Assigned task: Leave out all pictures. Extract exactly the lines from the one containing "万和证券:机械设备行业月报:经营数据有所" through the end of the data.

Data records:
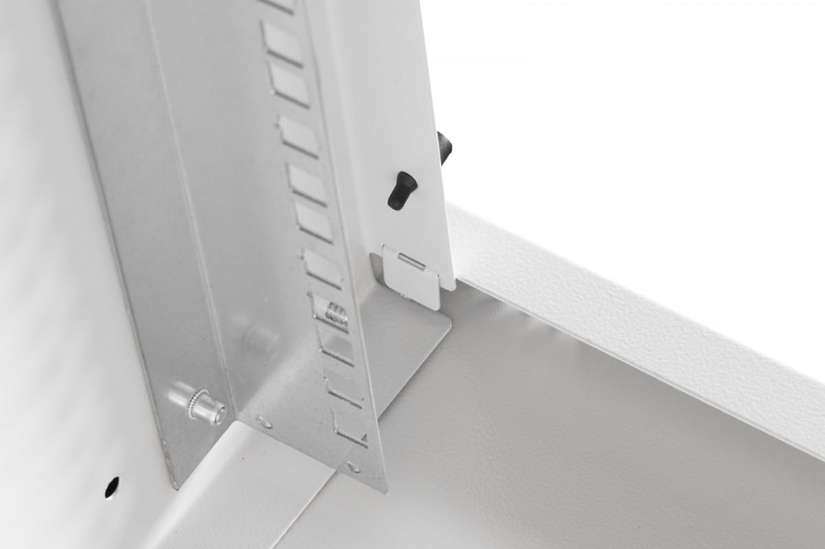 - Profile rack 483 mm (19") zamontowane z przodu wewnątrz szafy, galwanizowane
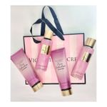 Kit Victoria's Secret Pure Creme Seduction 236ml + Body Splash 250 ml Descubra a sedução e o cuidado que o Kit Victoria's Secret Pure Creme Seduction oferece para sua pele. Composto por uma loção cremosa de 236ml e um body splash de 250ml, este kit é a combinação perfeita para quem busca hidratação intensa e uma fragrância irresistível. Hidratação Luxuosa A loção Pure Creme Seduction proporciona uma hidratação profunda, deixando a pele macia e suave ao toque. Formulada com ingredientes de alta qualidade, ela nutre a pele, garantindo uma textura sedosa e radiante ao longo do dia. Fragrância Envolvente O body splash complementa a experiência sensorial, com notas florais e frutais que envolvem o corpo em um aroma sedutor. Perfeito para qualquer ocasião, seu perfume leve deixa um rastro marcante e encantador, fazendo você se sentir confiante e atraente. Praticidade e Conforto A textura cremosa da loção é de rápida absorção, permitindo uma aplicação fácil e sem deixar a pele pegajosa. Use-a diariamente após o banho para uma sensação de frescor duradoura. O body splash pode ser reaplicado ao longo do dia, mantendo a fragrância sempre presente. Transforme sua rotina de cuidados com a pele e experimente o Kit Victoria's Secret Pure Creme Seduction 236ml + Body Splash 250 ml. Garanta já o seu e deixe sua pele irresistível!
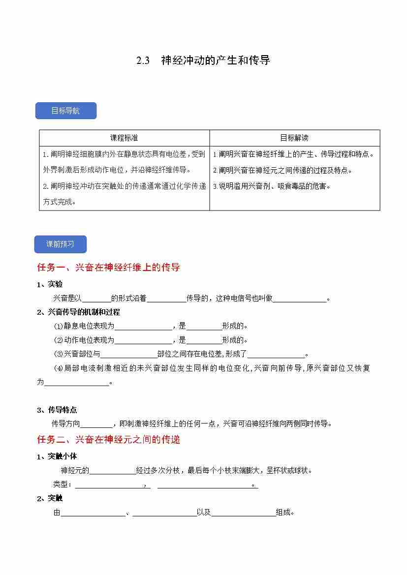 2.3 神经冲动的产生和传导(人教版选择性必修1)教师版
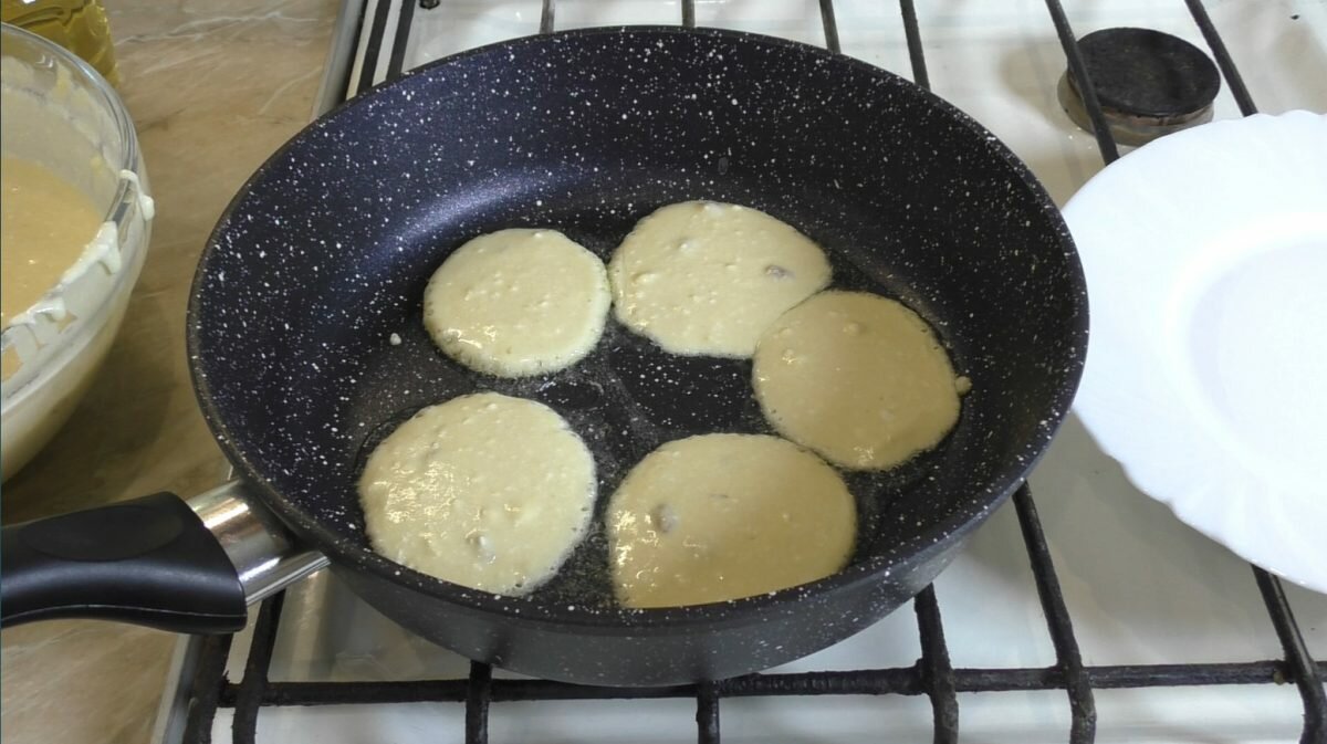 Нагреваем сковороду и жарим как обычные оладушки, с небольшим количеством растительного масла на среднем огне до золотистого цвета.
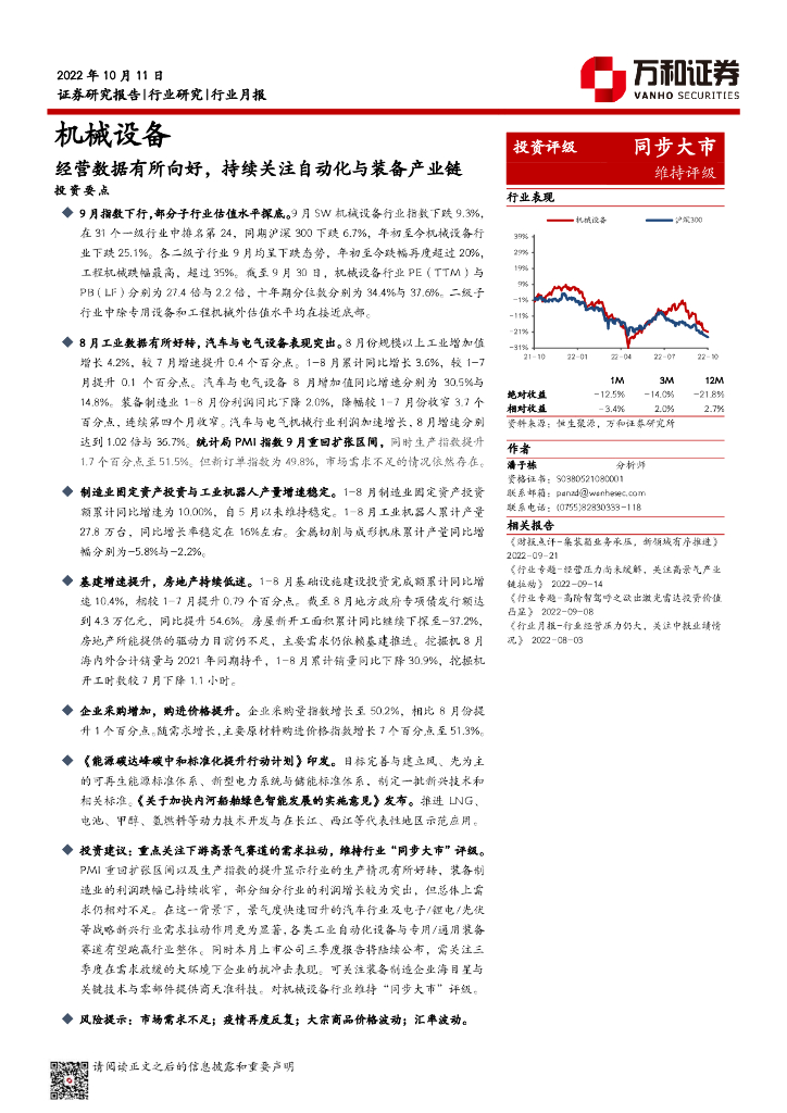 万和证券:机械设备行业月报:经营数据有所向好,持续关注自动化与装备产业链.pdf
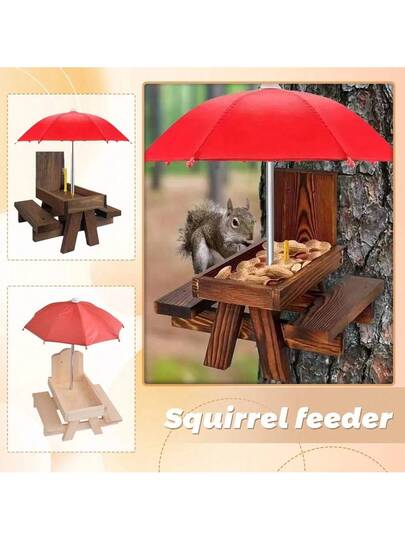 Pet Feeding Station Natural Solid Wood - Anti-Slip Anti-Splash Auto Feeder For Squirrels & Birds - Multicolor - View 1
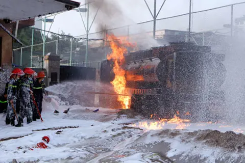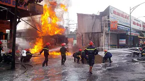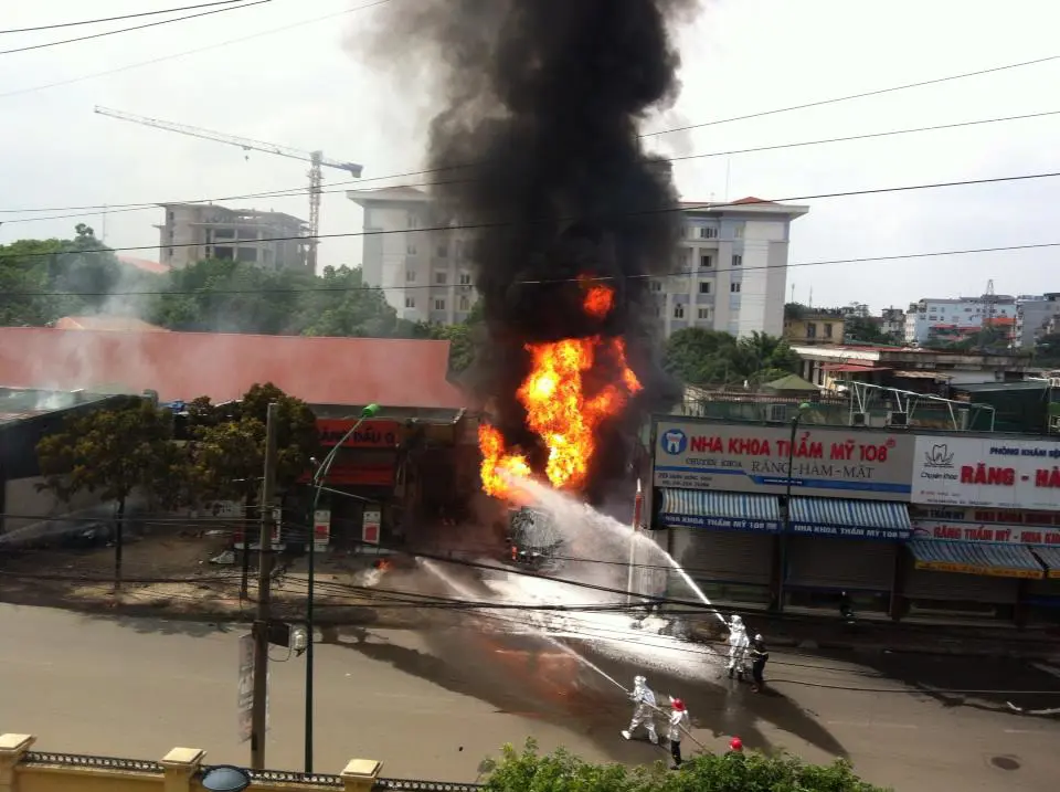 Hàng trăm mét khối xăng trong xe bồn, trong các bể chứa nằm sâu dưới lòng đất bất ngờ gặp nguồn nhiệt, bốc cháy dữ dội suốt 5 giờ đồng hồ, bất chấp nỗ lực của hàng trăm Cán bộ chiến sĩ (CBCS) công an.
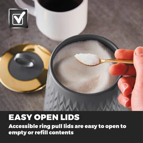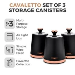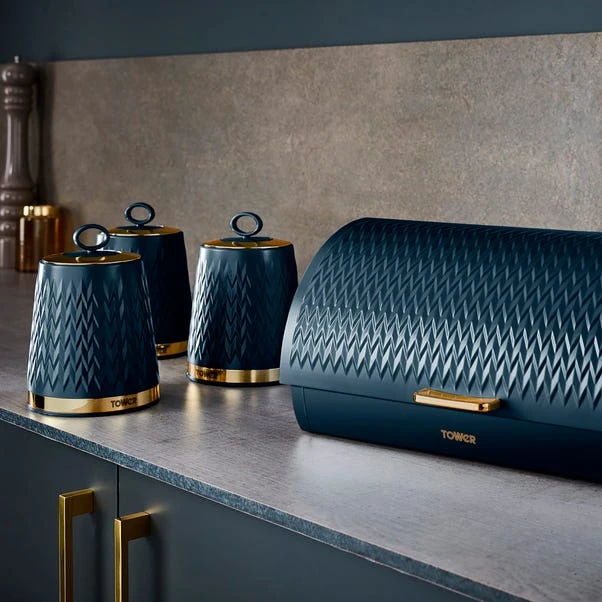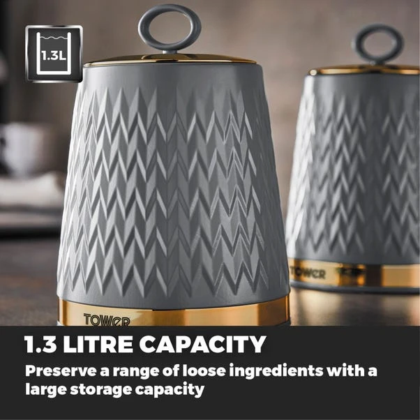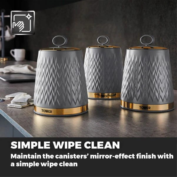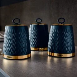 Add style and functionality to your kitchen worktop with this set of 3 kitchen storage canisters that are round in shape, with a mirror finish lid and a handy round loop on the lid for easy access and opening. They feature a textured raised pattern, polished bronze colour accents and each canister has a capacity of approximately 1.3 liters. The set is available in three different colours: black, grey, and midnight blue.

Response:
 万和证券:机械设备行业月报:经营数据有所向好,持续关注自动化与装备产业链.pdf
 Pet Feeding Station Natural Solid Wood - Anti-Slip Anti-Splash Auto Feeder For Squirrels & Birds - Multicolor - View 1
 Hàng trăm mét khối xăng trong xe bồn, trong các bể chứa nằm sâu dưới lòng đất bất ngờ gặp nguồn nhiệt, bốc cháy dữ dội suốt 5 giờ đồng hồ, bất chấp nỗ lực của hàng trăm Cán bộ chiến sĩ (CBCS) công an.
 Add style and functionality to your kitchen worktop with this set of 3 kitchen storage canisters that are round in shape, with a mirror finish lid and a handy round loop on the lid for easy access and opening. They feature a textured raised pattern, polished bronze colour accents and each canister has a capacity of approximately 1.3 liters. The set is available in three different colours: black, grey, and midnight blue.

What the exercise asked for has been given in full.